Tāichǎn xīnfǎ 胎產心法

Heart-Method of Pregnancy and Childbirth by 閻純璽 (Yán Chúnxǐ, Wénhóu 文侯, hào Chéngzhāi 誠齋, fl. Yōngzhèng era)

About the work

A three-juǎn systematic obstetrical treatise of 1730 (Yōngzhèng 8) — juǎn upper, middle, lower — covering the entire reproductive course “from the moment of conception, securing the root; through parturition, guarding against transformations; through the post-partum, preserving life.” The work is one of the most carefully-argued mid-Qīng obstetrical treatises, distinguished by its self-conscious effort to balance the various schools (Zhāng Jièbīn warm-supplementing, Zhū Dānxī cool-cleansing, the Bamboo-Grove formulary tradition) rather than to advocate a single school’s protocol. Its title, xīnfǎ (“heart-method”), signals exactly this — the work intends to convey the judgement rather than the formula, a deliberate intellectual stance against the formulary-recipe culture of the late-Qīng popular obstetrical literature.

Abstract

Composed by Yán Chúnxǐ over thirty years of obstetrical practice. Yán’s 1730 self-preface, prefaced from his official residence as Zuǒjiāng guāncháshǐ of Guǎngxī in Yōngzhèng gēngxū jìjú yuè (autumn 1730), states: “I have for thirty-some years probed deeply into the ancient bibliography, drawing on the renowned theories of the former worthies, examined and pondered their secret principles, attended to evidence, and thus seem to have grasped the essential point — not led astray by side-paths.” The preface by his junior colleague 龔健揚 Gōng Jiànyáng (Yōngzhèng 3 = 1725) precedes the work to print by some five years; Gōng’s preface was composed while Yán was being sent on imperial commission to Guǎngxī. The composition window is set narrowly to 1730, the year of the first printing.
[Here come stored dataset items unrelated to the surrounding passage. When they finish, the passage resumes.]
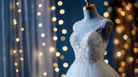 This image features an elegant white wedding dress showcased on a mannequin, beautifully adorned with delicate lace and intricate details, with soft fairy lights in the background, creating a romantic and enchanting atmosphere perfect for bridal fashion content.
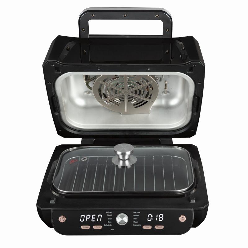 • 12 funkcí v jednom zařízení: fritéza, klasické a horkovzdušné pečení, grilování, sušení, dušení, pomalé vaření, vaření v páře, udržování teploty a manuální režim – díky nim zvládnete širokou škálu receptů
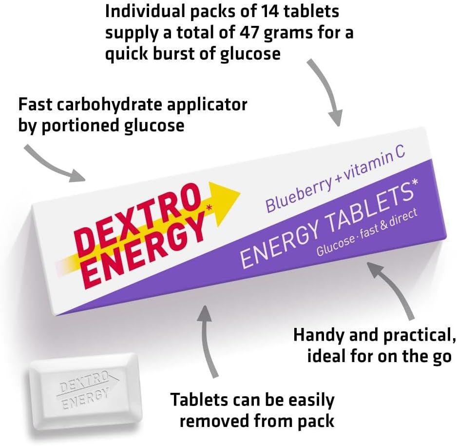 Get a burst of fruity energy with Dextro Energy Blueberry Glucose Tablets. This pack of 24 x 47g boxes provides a rapid source of glucose with a delicious blueberry flavour, perfect for athletes, students, and anyone needing a fast energy lift.
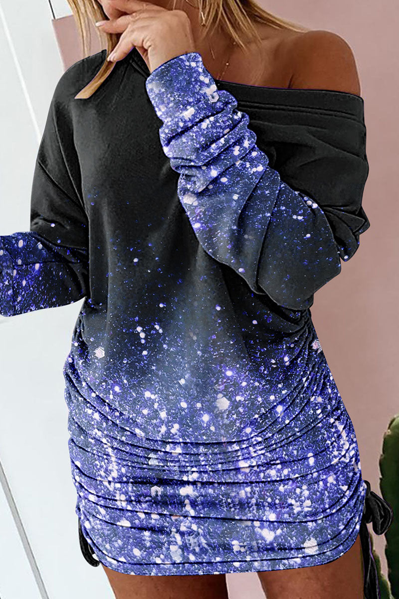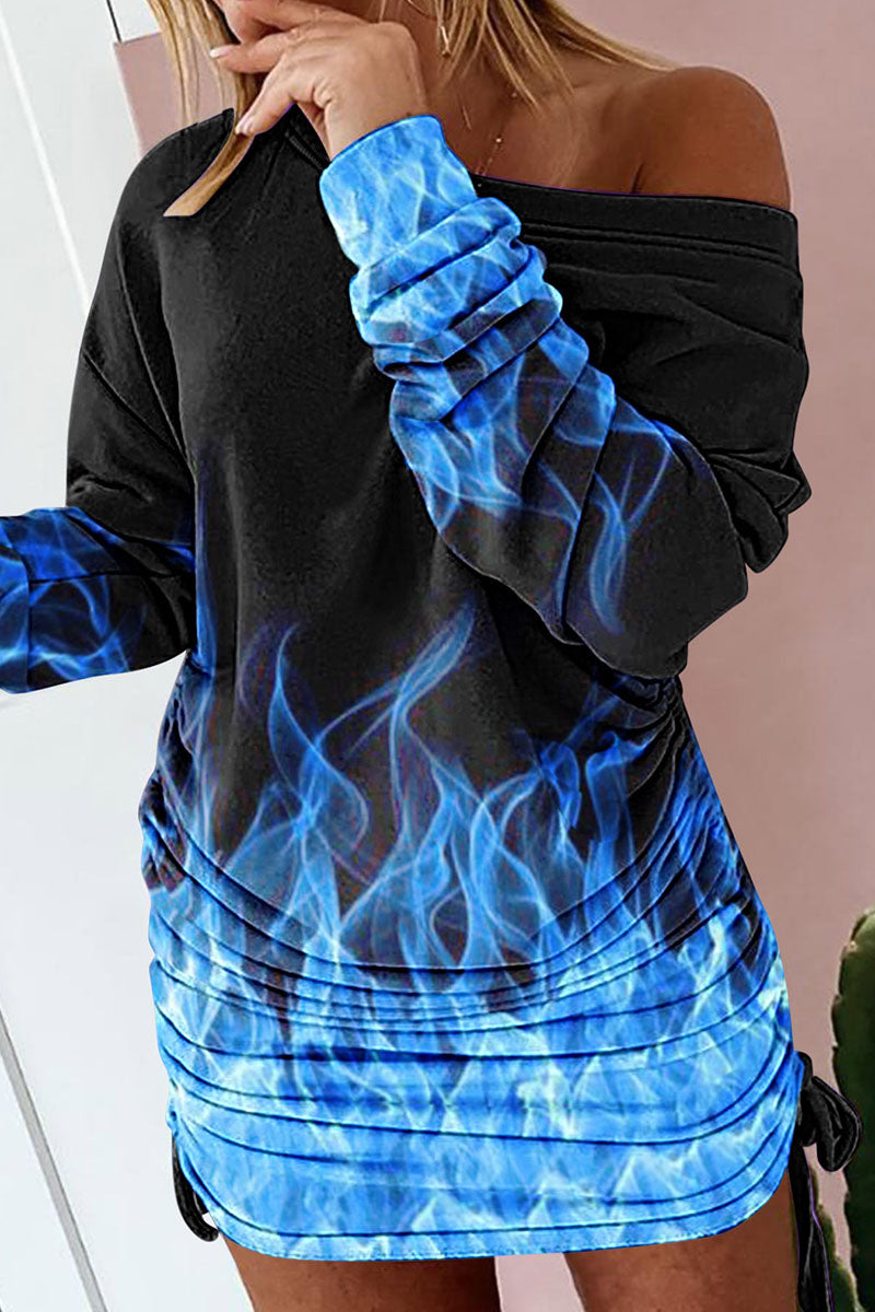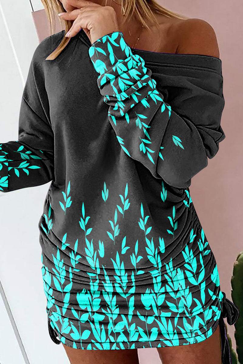 Sexy Print Patchwork Draw String Fold O Neck One Step Skirt Dresses(4 Colors)

The work’s textual organisation is exemplary: every disorder is given (i) an aetiological discussion in zàngfǔ terms, (ii) a symptomatological diagnostic profile, (iii) a named principal prescription with full dose specifications and (iv) standard jiājiǎn (additions-and-subtractions) for variant presentations. The intellectual core of the work is Yán’s repeated insistence on the fùzhèng (supporting-the-correct) principle for post-partum care — that even in the presence of apparent excess-symptoms (potential fevers, apparent indications for purgation), the post-partum body must be supported, never attacked. This stance places Yán within the Zhāng Jièbīn wēnbǔ (warm-supplementing) tradition while still drawing freely on Dānxī pharmacology.

The catalog meta gives only Yán Chúnxǐ as the author. The work was widely reprinted through the Qīng — the Hǎiwài huíguī recension preserves a late-Qīng print witness; Yán’s text remains the principal Yōng-zhèng-era obstetrical treatise of the literati-physician type, parallel in stature to the 1715 popular Dáshēng biān (KR3ei055) and the 1728 specialist Chǎnbǎo (KR3ei057).

Translations and research

  • Yi-Li Wu, Reproducing Women: Medicine, Metaphor, and Childbirth in Late Imperial China. Berkeley: University of California Press, 2010 — places the work in its mid-Qīng intellectual landscape.
  • No standalone English translation located.